In a completely zany adaption of Harryhausen’s fantasy feature, Visible Fictions — a Scottish theater company — will retell the classic tale using dozens of action figures, a wooden cart and a seafaring craft composed of newspaper. The show will be held at Beverly Hills’ Wallis Annenberg Center for the Performing Arts from Thursday, Jan. 23 to Sunday, Feb. 2.
The play, intended for audiences eight and older, stars Tim Settle and Neil Thomas in 23 roles including Jason, Hercules, Orpheus and the rest of his crew, as well as a Cyclops, Furies and all the other outlandish creatures populating the ancient Greek myth.
PHOTOS: Wallis Annenberg Center for the Performing Arts Kicks Off With Star-Studded Gala
“It’s kind of like two little boys who maybe have seen the movie on a wet afternoon and they can’t go out to play so they play with whatever’s at hand,” Settle tells The Hollywood Reporter. “They’ve got action figures, they’ve got paper they can make into boats, they’ve got sticks they can use as swords.”
In the production, Settle and Thomas arrive on stage pushing a wooden cart that doubles as a ship carrying all the dolls, toys and other props.
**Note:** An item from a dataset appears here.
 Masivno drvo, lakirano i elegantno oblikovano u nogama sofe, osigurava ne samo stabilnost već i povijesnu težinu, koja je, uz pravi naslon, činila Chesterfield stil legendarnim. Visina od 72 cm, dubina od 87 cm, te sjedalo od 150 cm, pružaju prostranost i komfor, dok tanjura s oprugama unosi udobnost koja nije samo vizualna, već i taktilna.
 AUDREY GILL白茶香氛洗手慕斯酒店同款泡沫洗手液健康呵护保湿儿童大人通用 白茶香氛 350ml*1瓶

Along the way there are off-the-cuff jokes, pop references and nods to classic movies like Jaws and Titanic.
By Settle’s own count, he has performed the show 530 times over the years and in that time they’ve never received anything less than sterling reviews.
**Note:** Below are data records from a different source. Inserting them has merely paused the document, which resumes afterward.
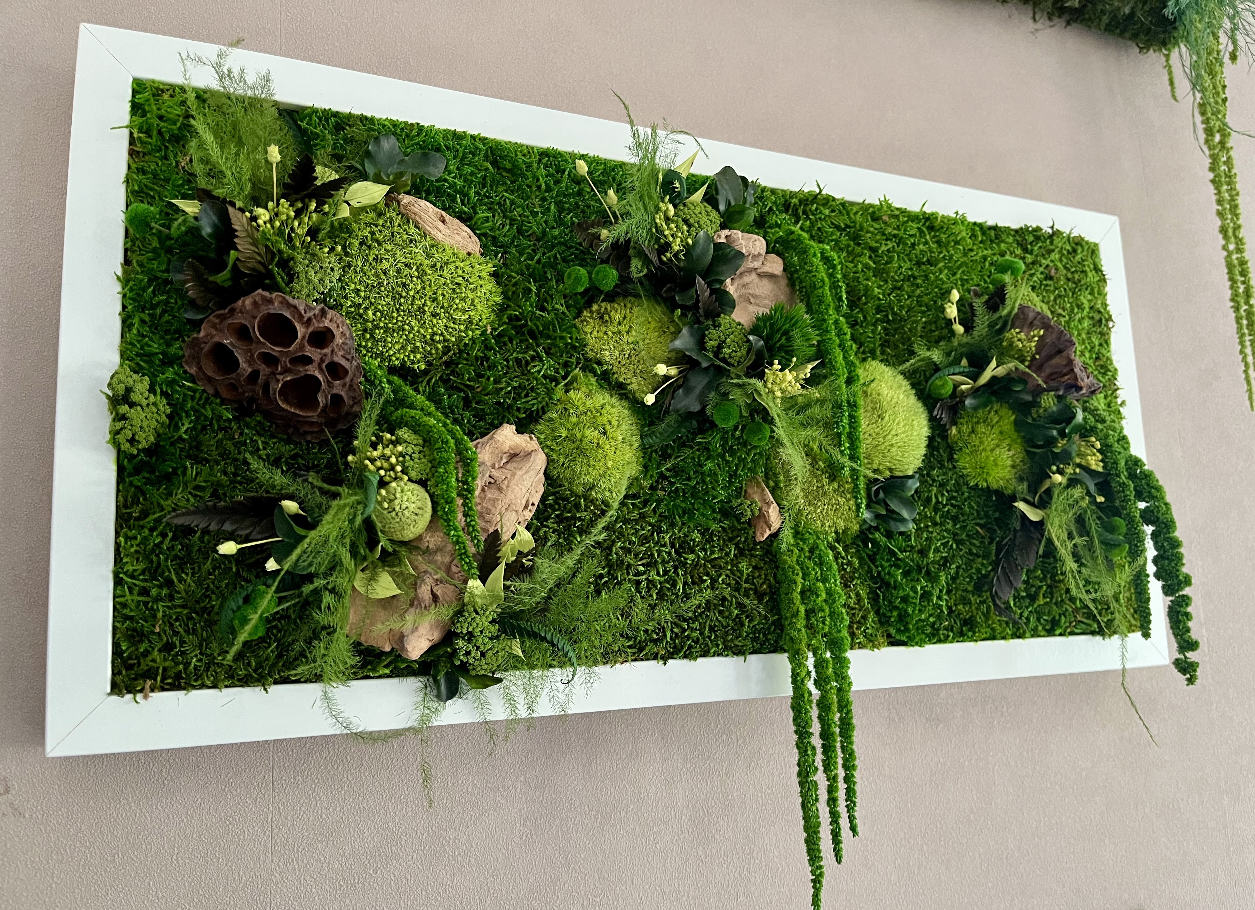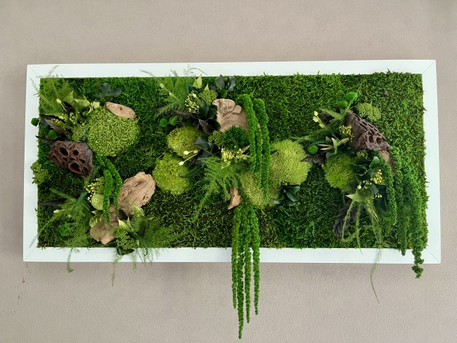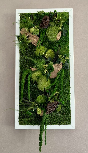 ? Ce tableau ne nécessite aucun entretien et surtout pas d’eau , car ce sont de vrai plantes stabilisées.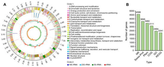 Genome data of B. amyloliquefaciens XJ5. (A) Graphical circular map of the genome. From the outside to the center: Circle 1, the size of the genome; Circle 2, gene CDS on the forward strand; Circle 3, gene CDS on the reverse strand; Circle 4, rRNA (blue: 16S rRNA, cyan: 23S rRNA, and green: 5S rRNA) and tRNA (red); Circle 5, GC content on the forward strand; Circle 6, GC content on the reverse strand; Circle 7, GC skew on the forward strand; and Circle 8, GC skew on the reverse strand. (B) Number of predicted genes found in several databases.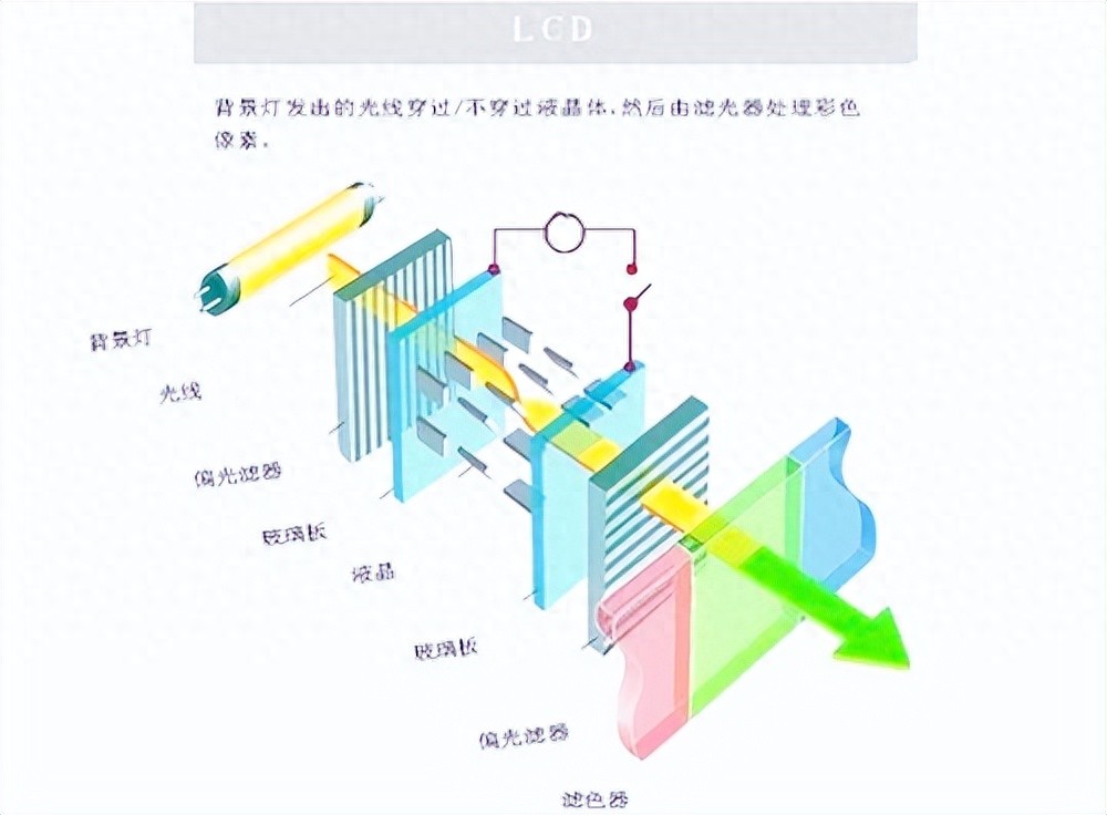 先來看 LCD 屏幕。它由兩片平行的透明電極板組成,中間夾著液晶分子。在電場的作用下,液晶分子的排列發生改變,從而實現圖像的顯示。其功耗主要由背光、尺寸以及內部走線阻抗等因素決定。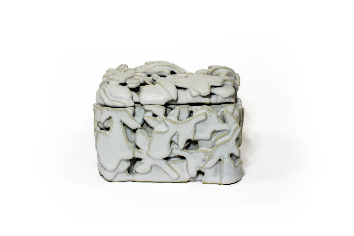 Functional lidded box with embedded tea bag detail, made with stoneware and glaze.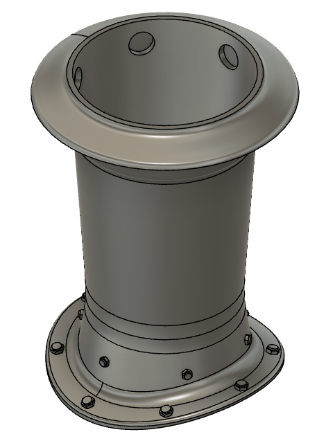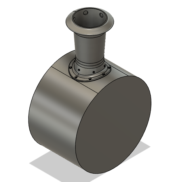 Tento model byl vytvářen pomocí rotace okolo osy středu kotle a přesouváním na patřičné místo a následně zrcadlen podle svislých rovin v ose komína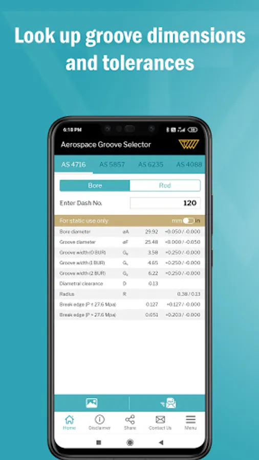 This app covers five of the most important SAE Aerospace groove standards for hydraulic systems, AS4716 Rev B, AS5857 Rev A, AS6235 Rev A, AS4088 Rev E and AS4832 Rev A. You can easily find groove sizes and determine if grooves are suitable for a dynamic and/or static seal. Available in Metric and Inch, based on standard Dash numbers.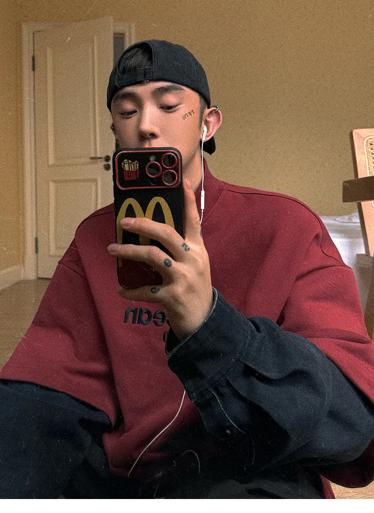 AUROCEAN 美式男孩 假兩件拼接 刺繡LOGO 重磅小高領 大學踢(紅色)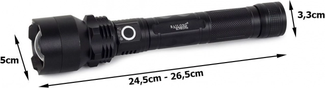 Puissante lampe torche tactique BAILONG avec diode CREE XHP50 offrant une portée jusqu’à 1000 m, un zoom progressif et 3 modes d’éclairage. Corps résistant en aluminium aéronautique avec protection IPX5, revêtement antidérapant et indicateur de charge LED, garantissant une fiabilité sur le terrain. L’alimentation est assurée par 2× 26650 accus et une recharge USB pratique.

The best reviews didn’t come from critics but from theater owners at a showcase for IPAY (International Performing Arts for Youth), where productions are booked at venues throughout North America. “We’d been warned by the director and our promoter that these people have seen show after show after show, so expect no reaction and just do it and hopefully we get some touring out of it,” says Settle. In the end, they got a standing ovation and were booked solid. That was six years ago and today they’re still touring.
Unfortunately Harryhausen, who died at age 92 last May, never got to see the show. But director Douglas Irvine approached the animator when they began their run requesting he write an intro to the play. Harryhausen turned them down but wrote a lengthy letter back wishing them all the best.
“He could have written the forward in the time he spent to write it,” Settle says laughingly. “But the guy was a genius and to be approached by a theater company he doesn’t know to be asked that, I do understand why he did write the letter back to say ‘No thank you.’ ” (The producer and effects creator, whose stop-motion technique was called Dynamation, also did the effects on 20 Million Miles to Earth, The Beast from 20 Fathoms and The 7th Voyage of Sinad.)
Running a brisk 65 minutes in the Annenberg’s Lovelace Theater (9390 Santa Monica Blvd.), matinees are preceded by improv workshops for youngsters as well as boat-making activities using newspaper and origami techniques.